Unlike just a few years ago, when regulation in the crypto space was minimal, businesses today face a growing list of compliance demands. Moreover, expectations are mounting that regulatory oversight will only become more stringent in the months and years ahead. For many within the sector, this external scrutiny sits uneasily alongside the original ethos and mission of cryptocurrencies.

Evolution, Not Revolution

Many crypto OGs acknowledge that the space was born out of a desire for decentralisation, autonomy, and freedom from traditional financial systems. Yet, as with many movements, that founding mission has evolved over time. Today, crypto no longer exists as a siloed alternative but is increasingly integrated into the broader financial ecosystem that supports the modern global economy.
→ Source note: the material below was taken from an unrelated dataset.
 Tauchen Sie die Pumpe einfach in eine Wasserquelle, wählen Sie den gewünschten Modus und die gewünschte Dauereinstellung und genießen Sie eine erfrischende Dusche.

While for some the merits of this evolution remain up for debate, its reality is undeniable. For those of us committed to broadening access to the benefits of cryptocurrency, this moment presents more opportunity than challenge. In terms of user access, the crypto space has reached heights few could have expected. The ideology that shaped the sector’s early days need not be discarded, but elements of it must evolve to reflect the times we live in.

Responsible Regulation

At present, regulation represents the key tension point between these two opposing worldviews. For some, external oversight undermines the very essence of crypto. For others, the wave of incoming compliance offers much-needed validation, a chance for the sector to shed its chequered reputation and re-emerge as a more trusted, credible, and accessible solution for the next billion global users.
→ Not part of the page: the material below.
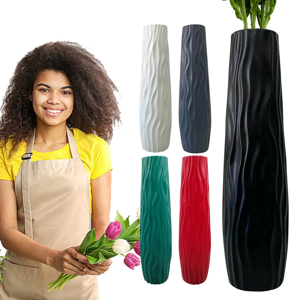 Vaso decorativo de chão texturizado com linhas elegantes, pensado para salas de estar modernas que valorizam estilo e simplicidade. Ideal para exibir água, flores reais ou arranjos secos, mantendo o ambiente sofisticado com facilidade.

As a long-time crypto enthusiast, I appreciate the merits of both sides of the debate. At the same time, I’m realistic enough to acknowledge that the genie is well and truly out of the bottle. There’s no turning back the clock on regulation – and perhaps nor should there be. While few within the sector would advocate for overly stringent measures, there is a clear and pressing need for measures to be introduced and upheld that incentivise good behaviour across the board.

Unlocking the Next Wave of Users

Embracing responsible compliance, and viewing its introduction as an opportunity rather than a threat would mark a positive step forward for the sector. Additionally, it would help initiate the much-needed process of reshaping crypto’s public image: one that reflects a commitment to accountability, long-term growth, and sustainable progress. It could prove crucial as the sector looks to unlock the next billion global users.

At CoinCover, we’re committed to helping shape the conversation around this issue. In the months ahead, we aim to engage openly with all sides of the debate; from regulators to crypto companies. By fostering dialogue across the ecosystem, we believe we can play a constructive role in helping the sector reach a more balanced, sustainable equilibrium — one that serves the interests of all stakeholders, and most importantly, its users.